Segment Start: MATERIAL FOR THE TASK

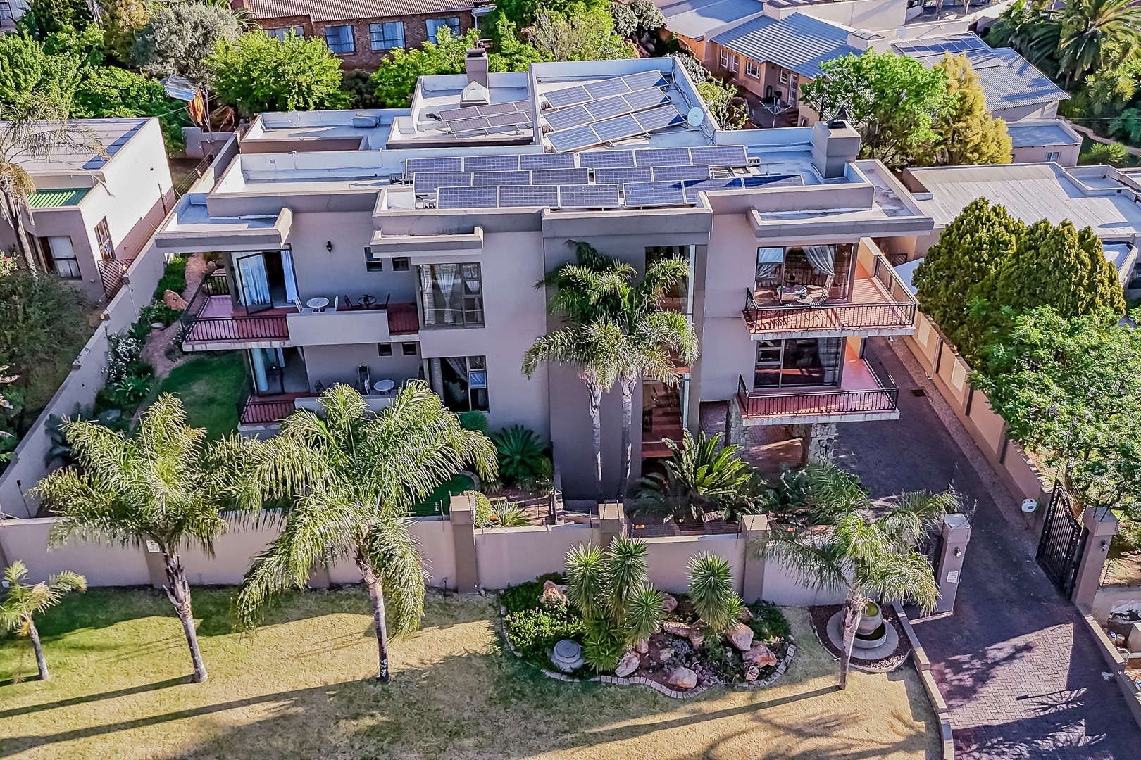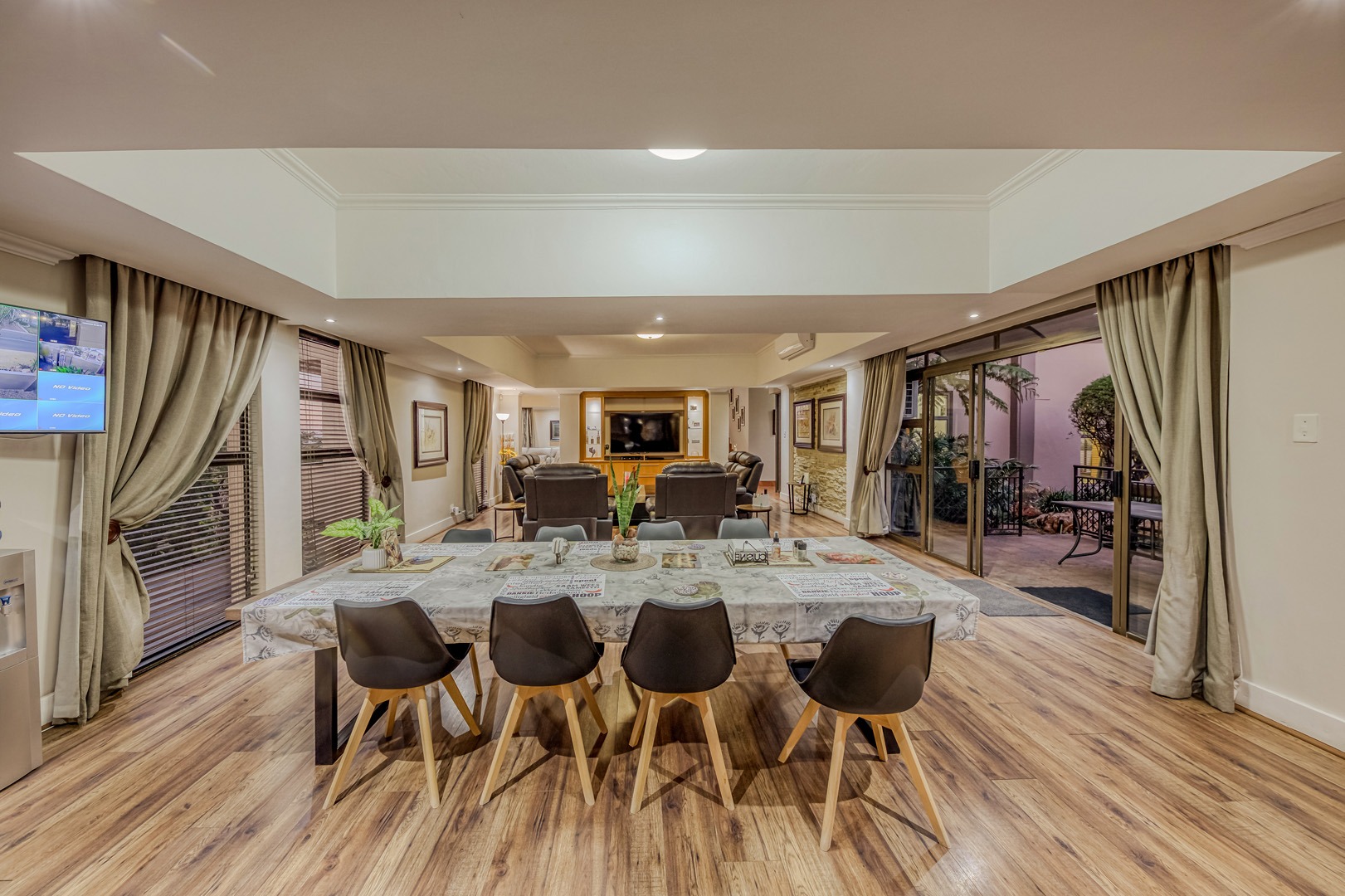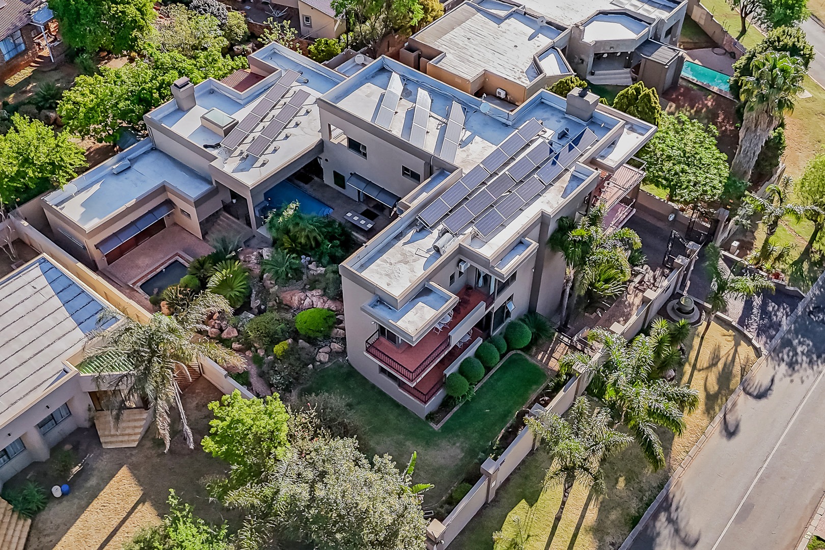 Designed for true off-grid lifestyle, the home is powered by 3-phase electricity, a 15kVA inverter system, and 38 solar panels – keeping your home running efficiently and cost-effectively. A solar-fed heat pump warms the sparkling swimming pool, while a comprehensive water backup system ensures uninterrupted supply.
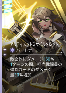 ![]() | 【EP】 3 150% Damage to all enemies For 1 turn, +20% Designated Combatants's Bullet Card Damage |
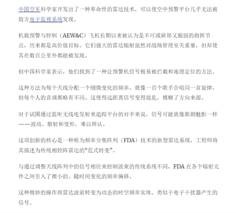 中方科研团队取得新突破,不光战斗机能隐身,预警机也行?
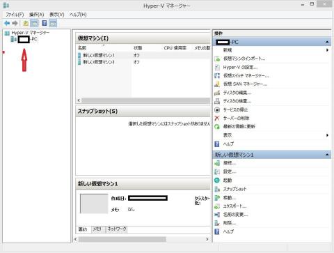 2.本来なら、Hyper-V マネージャーのウィンドウが開いたら、画面左側にあるコンピューター名を 右クリックして、[新規]-[仮想マシン]とクリックしますが、現在2台の仮想マシンが、インストール済みですので、途中の設定等は、上記サイト参照お願いしまして、割愛させていただきます。
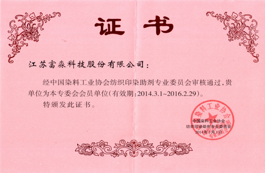 随着企业生产规模的逐步扩大,产品市场占有率的进一步攀高、企业知名度相对应的扩大,富淼科技为更好的服务功能高分子所应用的水处理、造纸及制浆、纺织及日用化学品等行业和华体会·体育-华体会(中国) 。公司于2014年3月提出申请,经过行业协会理事单位的投票及表决,现富淼科技已经正式成为中国染料工业协会纺织印染助剂专业委员会会员单位。加入会员单位是行业对我公司发展的认可,是对富淼人长久以来在纺织印染助剂华体会·体育-华体会(中国) 工作的认可和成绩的肯定。
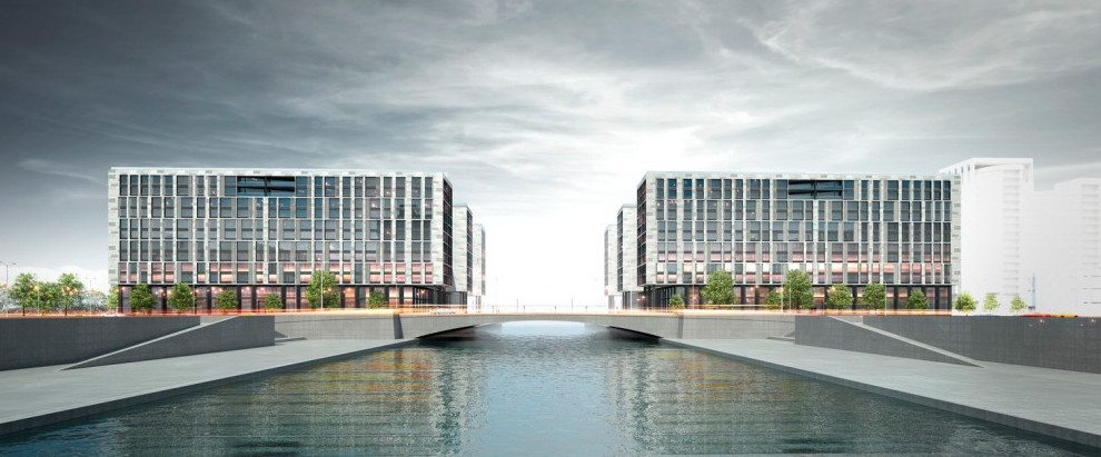 Два сквера на берегах реки Смоленки у моста Кораблестроителей застроят 12-этажными гостиницами. Внешний облик позволяет сделать предположение, что это будут дома постоянного проживания.

Segment End: MATERIAL FOR THE TASK

TASK TO CARRY OUT: Exact duplicates of all the entries are required, and no image may appear in them.

EXERCISE RESPONSE:
 Designed for true off-grid lifestyle, the home is powered by 3-phase electricity, a 15kVA inverter system, and 38 solar panels – keeping your home running efficiently and cost-effectively. A solar-fed heat pump warms the sparkling swimming pool, while a comprehensive water backup system ensures uninterrupted supply.
 ![]() | 【EP】 3 150% Damage to all enemies For 1 turn, +20% Designated Combatants's Bullet Card Damage |
 中方科研团队取得新突破,不光战斗机能隐身,预警机也行?
 2.本来なら、Hyper-V マネージャーのウィンドウが開いたら、画面左側にあるコンピューター名を 右クリックして、[新規]-[仮想マシン]とクリックしますが、現在2台の仮想マシンが、インストール済みですので、途中の設定等は、上記サイト参照お願いしまして、割愛させていただきます。
 随着企业生产规模的逐步扩大,产品市场占有率的进一步攀高、企业知名度相对应的扩大,富淼科技为更好的服务功能高分子所应用的水处理、造纸及制浆、纺织及日用化学品等行业和华体会·体育-华体会(中国) 。公司于2014年3月提出申请,经过行业协会理事单位的投票及表决,现富淼科技已经正式成为中国染料工业协会纺织印染助剂专业委员会会员单位。加入会员单位是行业对我公司发展的认可,是对富淼人长久以来在纺织印染助剂华体会·体育-华体会(中国) 工作的认可和成绩的肯定。
 Два сквера на берегах реки Смоленки у моста Кораблестроителей застроят 12-этажными гостиницами. Внешний облик позволяет сделать предположение, что это будут дома постоянного проживания.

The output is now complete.